Name                                                Length                    
--------------------------------------------------------------------------------
lat                                                 72                        
time                                                UNLIMITED (1450 currently)
z_t                                                 25                        
lon                                                 144                       

##### Variables #####

Name                            Type            Dimensions                      
--------------------------------------------------------------------------------
lat                             DOUBLE          lat                             
time                            DOUBLE          time                            
so                              FLOAT           lon lat z_t 

From here, there are a number of ways to obtain and explore the data of interest.

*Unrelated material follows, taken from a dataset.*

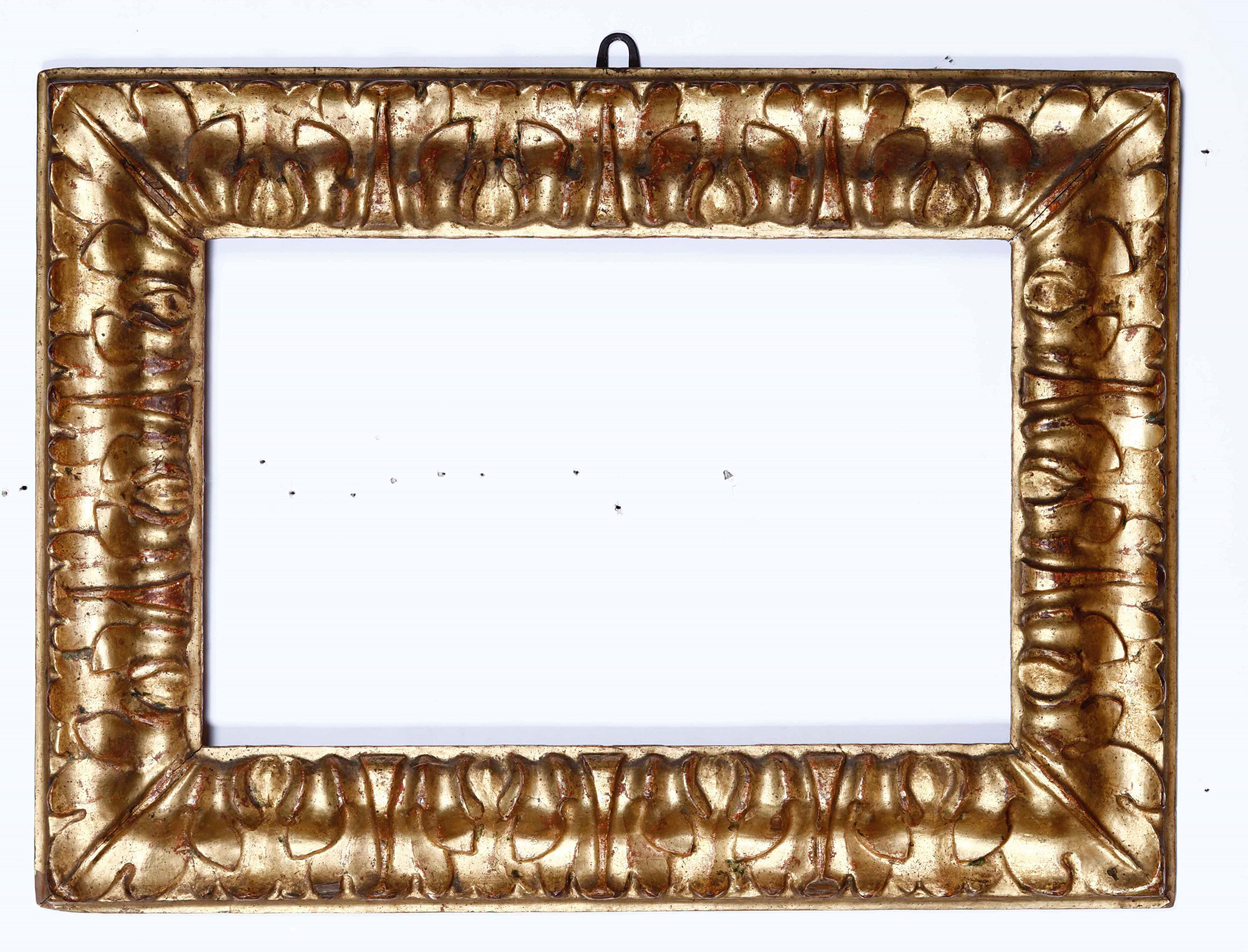 Cornice in legno intagliato e dorato. Bologna fine XVII secolo, battuta liscia seguita da fascia sagomata intagliata a foglie di cavolo, cm 43x59, luce cm 25,5x41

After some experimentation, I have found the following function to be succinct and efficient, with the added bonus of closing the file once the relevant data has been extracted: 

In [12]:
# Pkg.add("NCDatasets")
using NCDatasets

function read_stuff(data::String)
    local lons, lats, so_data
    NCDatasets.Dataset(data, "r") do ds
        lons = ds["lon"][:]
        lats = ds["lat"][:]
        so_data = ds["so"][:]
    end
    return lons, lats, so_data
end

read_stuff (generic function with 1 method)

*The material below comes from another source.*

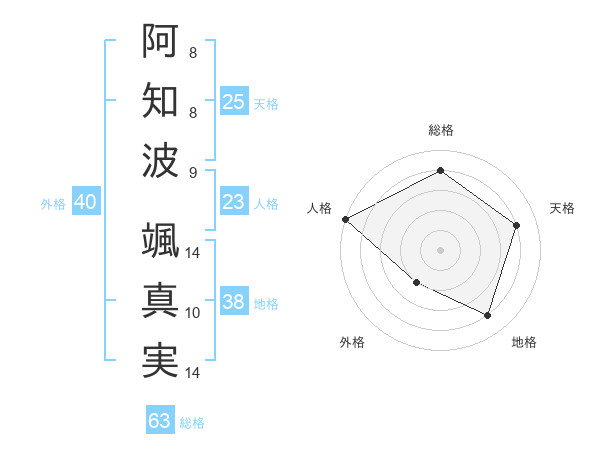 阿知波 颯真実さんの総格は63画の4点!

We can then call the function, passing the ```.nc``` file of interest as an argument, and obtain ```lons```, ```lats``` and ```so_data``` as return values.

In [None]:
lons, lats, so_data = read_stuff(nc_data)

In [14]:
print("LONS SIZE: ", size(lons), " --> ",
      "Dimensions: ", ndims(lons),
      "\n",
      "LATS SIZE: ", size(lats), " --> ", 
      "Dimensions: ", ndims(lats),
      "\n",
      "SO_DATA SIZE: ", size(so_data), " --> ",
      "Dimensions: ", ndims(so_data))

LONS SIZE: (144,) --> Dimensions: 1
LATS SIZE: (72,) --> Dimensions: 1
SO_DATA SIZE: (144, 72, 25, 1450) --> Dimensions: 4

We can see that ```lons``` and ```lats``` at 1D arrays. For plotting purposes, we need to mesh these as 2D arrays, and plot alongside the equivalant dimensions in ```so_data```:

In [15]:
# Pkg.add("VectorizedRoutines")
using VectorizedRoutines

lons, lats = Matlab.meshgrid(lats[:],lons[:])
print(size(lons),
      "\n",
      size(lats))

typeof(lats)

(144, 72)
(144, 72)

Array{Float64,2}

In [16]:
# Slicing relevant dimensions from so_data
so_sliced = view(so_data, :, :, 1, 1)

print(size(so_sliced))

(144, 72)

<h2> Plotting </h2>

In theory, our data is now ready for visualisation. Unfortunately, continued environmental conflicts within my own have prevented me from plotting via this method (I may have to rebuild my Conda environment - the error messages are a little unclear). It seems to a known bug (but rare) with PyCall in certain systems. 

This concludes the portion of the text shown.